When approaching what to do with this song, my original thought was to give it the “boom-chikka-boom” Johnny Cash treatment – kind of in keeping with King of America, yet still different from the Costello version.

However Steve heard it differently and suggested we try a “Bruce Springsteen Streets of Philadelphia” era-approach. That was a brilliant idea – one that would not have occurred to me – and it really works. It has become one of our favourite tracks on the album.

On the new EP, you’ve chosen to cover Indoor Fireworks, which is also from the King of America album. It’s one of my favourite Costello songs. What can you tell me about your version? You’ve slowed it down and made it a smouldering, piano-led ballad. Hasn’t Lou done a solo version of the song before?

MWK: Yes – this song had been in Lou’s solo repertoire for years, performed simply, with just piano and voice. She also recorded it on her solo album, Calmer, back in the late ‘90s.

Once we started on this Country Darkness project, and adapted our live shows to include a “Costello song segment” – it just made sense to do this song again and make it into a duet. It has since become a firm audience favourite, so we just had to include it on Vol. 3 and the album. We decided to keep it simple and record it just as we have been doing it live – two voices and Lou at the piano. So, this is the only track Steve does not appear on.

The Crooked Line, which was the first single from the new EP, is the most upbeat of all the songs you’ve done for the Country Darkness project. I love your version – Steve plays some groovy organ on it. What inspired that arrangement? The Costello version has a bluegrass feel… 

MWK: There is a moment on our version of Different Finger, from Country Darkness Vol.2, where Steve plays some Augie Meyers-type organ. I really loved it, so when it came to doing The Crooked Line I wanted us to go full Sir Douglas Quintet on it and really highlight that organ sound. The Costello original has an acoustic, country-bluegrass feel to it, with fiddles and mandolins playing the instrumental passages, but we went with Vox Continental

What about the song Why Can’t A Man Stand Alone? Why did you choose it and how did you approach it? Costello wrote it for soul singer Sam Moore (Sam & Dave), but he turned it down. Your version reminds me of the material Costello did with Bacharach, as it has a bit of an Easy Listening feel, arrangement-wise…

MWK: That will be the flugel horns. Add those and suddenly it sounds like classic Burt Bacharach. It wasn’t an obvious choice, as it is not really a country or country-soul song – it’s a little bit musical theatre in places, and it even becomes quite Brechtian by the end. It is a hard song and we all had moments where we regretted getting into it.
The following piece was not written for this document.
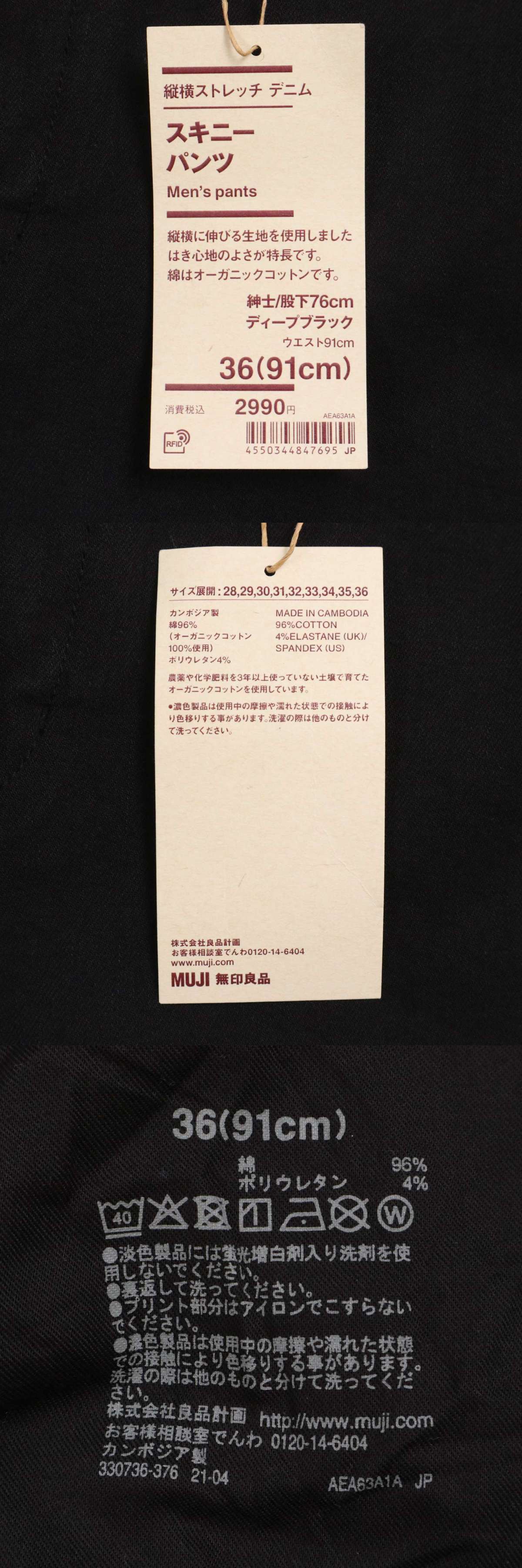【新品 未使用】 MUJI 無印良品 通年 縦横ストレッチ★ スキニー デニム パンツ ジーンズ Sz.36 メンズ 黒 大きいサイズ

The producer, Colin Elliot, really didn’t like it at first, but it has since become his favourite track.

‘Costello’s original version of The Crooked Line has an acoustic, country-bluegrass feel, with fiddles and mandolins, but we went with Vox Continental’

What drew us to it was the fact that there is a male verse which starts: “Why can’t a man stand alone?”, and the second verse is a female one: “Why can’t a woman be just what she seems? So that immediately felt right for a duet.

Lyrically it also asks an import question in these current times. I notice that Costello used some lines from it in his 50 Songs For 50 Days playlist, in the run-up to the presidential election, and it is clear why, with these lines: “Why can’t a man stand alone? Must he be burdened by all that he’s taught to consider his own? His skin and his station, his kin and his crown, his flag and his nation. They just weigh him down.”

I would love to have heard Sam Moore sing it, as am sure Costello would have too. Sadly, he will just have to make do with hearing us sing it! I’d also recommend you check out this 1998 live version, which Costello did on Later… with Jools Holland.

All of the songs from the three Country Darkness EPs feature on your new Country Darkness album, which is out in November. As an added bonus, there’s also a brand new My Darling Clementine song on it – a country-soul tune called Powerless. What can you tell me about it?

MWK: I had the title Powerless for a while – I thought it was good. We so often hear people say they are powerless to something, certainly when it comes to falling for someone. In this song, the female protagonist is leaving her partner of many years for someone else and despite the kids and the history they have, she is just powerless to the charms of the other guy and off she goes.

Lou and I have both had that experience, but I am not telling you which way round…Musically there is a little nod to a Costello song I particularly like from his National Ransom album, which is called That’s Not The Part Of Him You’re Leaving.

Have you heard any of the songs from Costello’s forthcoming album, Hey Clockface? Any thoughts on them?

MWK: I have heard them, but not played them repeatedly, or really got into them, mainly because they are only out on streaming services, which is not really how I listen to music.

When the album is out, then I will spend some real time with it, while driving – the car is my favoured place to listen to music. Of the four songs he’s released so far, I think my favourite is We Are All Cowards Now.

You’re also working on a new solo album. What can we expect?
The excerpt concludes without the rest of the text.